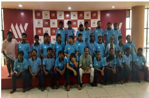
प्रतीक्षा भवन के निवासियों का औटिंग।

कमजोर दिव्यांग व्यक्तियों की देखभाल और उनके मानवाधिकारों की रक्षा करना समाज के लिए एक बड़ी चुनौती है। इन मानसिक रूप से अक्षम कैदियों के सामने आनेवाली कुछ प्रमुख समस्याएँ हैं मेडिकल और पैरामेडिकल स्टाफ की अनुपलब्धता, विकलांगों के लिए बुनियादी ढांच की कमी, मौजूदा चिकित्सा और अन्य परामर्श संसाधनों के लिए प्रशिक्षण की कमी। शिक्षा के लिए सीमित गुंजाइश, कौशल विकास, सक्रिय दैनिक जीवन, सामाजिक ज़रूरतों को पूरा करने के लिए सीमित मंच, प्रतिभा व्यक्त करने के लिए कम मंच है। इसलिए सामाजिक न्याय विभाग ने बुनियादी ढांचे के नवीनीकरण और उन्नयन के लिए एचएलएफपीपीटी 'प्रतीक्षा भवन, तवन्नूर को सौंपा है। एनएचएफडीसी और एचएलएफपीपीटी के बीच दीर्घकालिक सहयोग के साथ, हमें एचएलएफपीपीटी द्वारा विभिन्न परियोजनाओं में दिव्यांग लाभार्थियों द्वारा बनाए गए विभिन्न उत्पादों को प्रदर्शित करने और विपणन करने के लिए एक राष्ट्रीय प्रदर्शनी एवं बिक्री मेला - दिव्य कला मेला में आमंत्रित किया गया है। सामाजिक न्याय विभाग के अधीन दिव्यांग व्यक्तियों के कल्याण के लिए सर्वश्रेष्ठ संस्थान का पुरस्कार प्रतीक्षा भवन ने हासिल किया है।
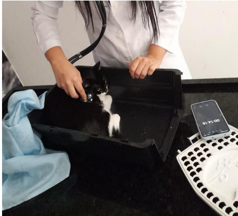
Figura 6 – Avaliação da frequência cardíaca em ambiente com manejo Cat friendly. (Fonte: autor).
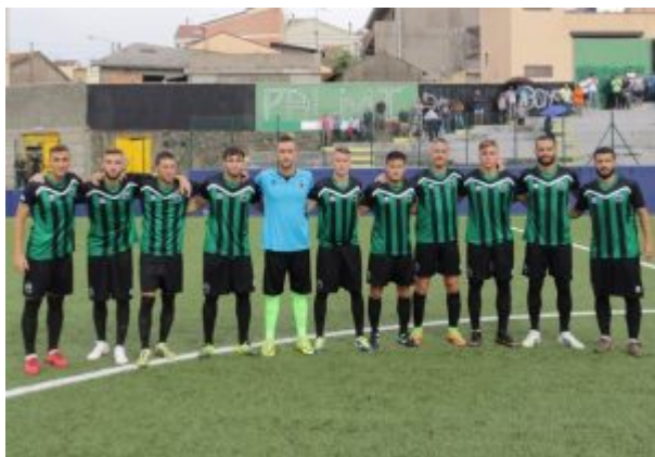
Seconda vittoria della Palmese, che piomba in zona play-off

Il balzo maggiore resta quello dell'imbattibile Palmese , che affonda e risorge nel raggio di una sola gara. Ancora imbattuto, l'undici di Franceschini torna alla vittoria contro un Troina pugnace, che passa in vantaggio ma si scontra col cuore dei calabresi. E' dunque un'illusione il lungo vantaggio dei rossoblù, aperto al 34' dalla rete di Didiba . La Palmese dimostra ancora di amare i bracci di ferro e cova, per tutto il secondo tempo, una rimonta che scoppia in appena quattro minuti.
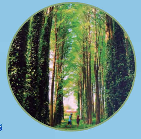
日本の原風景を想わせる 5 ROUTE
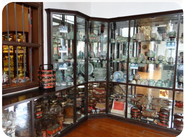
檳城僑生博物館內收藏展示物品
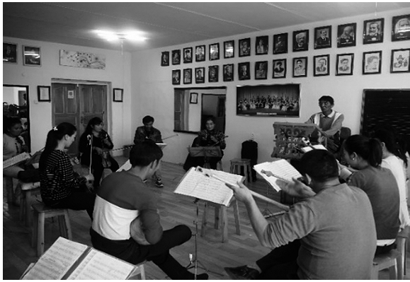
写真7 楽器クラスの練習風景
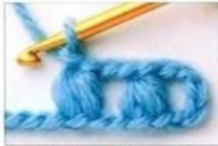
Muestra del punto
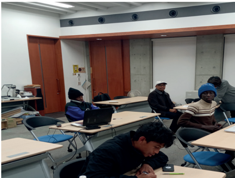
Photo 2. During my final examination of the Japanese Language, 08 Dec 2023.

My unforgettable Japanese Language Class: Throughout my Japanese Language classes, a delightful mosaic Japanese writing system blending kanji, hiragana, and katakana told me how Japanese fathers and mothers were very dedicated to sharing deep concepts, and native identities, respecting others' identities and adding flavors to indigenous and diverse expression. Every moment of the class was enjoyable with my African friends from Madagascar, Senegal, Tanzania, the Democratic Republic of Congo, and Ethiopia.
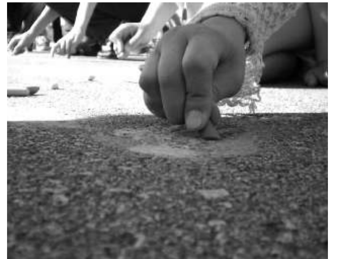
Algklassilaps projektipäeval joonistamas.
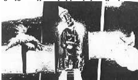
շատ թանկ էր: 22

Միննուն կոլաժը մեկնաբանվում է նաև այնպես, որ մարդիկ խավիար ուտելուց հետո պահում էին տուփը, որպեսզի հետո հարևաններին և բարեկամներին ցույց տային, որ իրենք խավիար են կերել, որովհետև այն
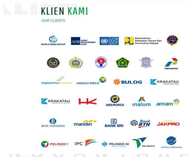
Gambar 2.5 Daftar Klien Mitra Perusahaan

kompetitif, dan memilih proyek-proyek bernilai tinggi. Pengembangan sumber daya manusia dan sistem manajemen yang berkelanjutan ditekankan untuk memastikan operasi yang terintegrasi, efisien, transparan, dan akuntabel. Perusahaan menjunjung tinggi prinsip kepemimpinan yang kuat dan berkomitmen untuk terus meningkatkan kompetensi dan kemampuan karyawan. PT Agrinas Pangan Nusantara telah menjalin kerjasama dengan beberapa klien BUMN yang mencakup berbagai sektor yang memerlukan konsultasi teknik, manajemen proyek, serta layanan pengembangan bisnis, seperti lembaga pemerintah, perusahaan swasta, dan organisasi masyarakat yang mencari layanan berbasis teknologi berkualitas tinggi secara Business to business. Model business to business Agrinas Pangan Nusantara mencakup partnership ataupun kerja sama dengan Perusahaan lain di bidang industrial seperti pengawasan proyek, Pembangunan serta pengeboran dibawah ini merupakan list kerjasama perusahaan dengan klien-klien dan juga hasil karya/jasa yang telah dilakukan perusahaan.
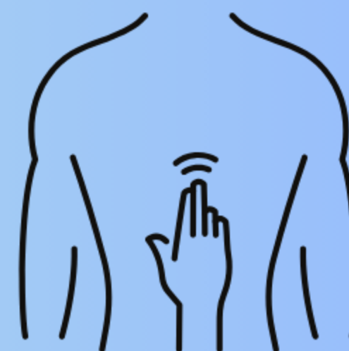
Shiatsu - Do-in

--

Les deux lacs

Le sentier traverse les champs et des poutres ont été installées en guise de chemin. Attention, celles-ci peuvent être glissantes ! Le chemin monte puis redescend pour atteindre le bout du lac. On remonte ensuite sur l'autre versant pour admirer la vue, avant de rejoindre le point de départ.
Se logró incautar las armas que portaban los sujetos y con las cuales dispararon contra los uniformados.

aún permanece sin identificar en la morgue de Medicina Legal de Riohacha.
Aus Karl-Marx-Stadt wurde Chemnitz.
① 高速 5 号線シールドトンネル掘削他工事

EXERCISE REQUIREMENTS:
Would you copy the lines above exactly, starting with the one that has "Figura 6 – Avaliação" and ending with the one that has "Seconda vittoria della", both included, without the pictures?

SOLUTION TO THE EXERCISE:
Figura 6 – Avaliação da frequência cardíaca em ambiente com manejo Cat friendly. (Fonte: autor).
Seconda vittoria della Palmese, che piomba in zona play-off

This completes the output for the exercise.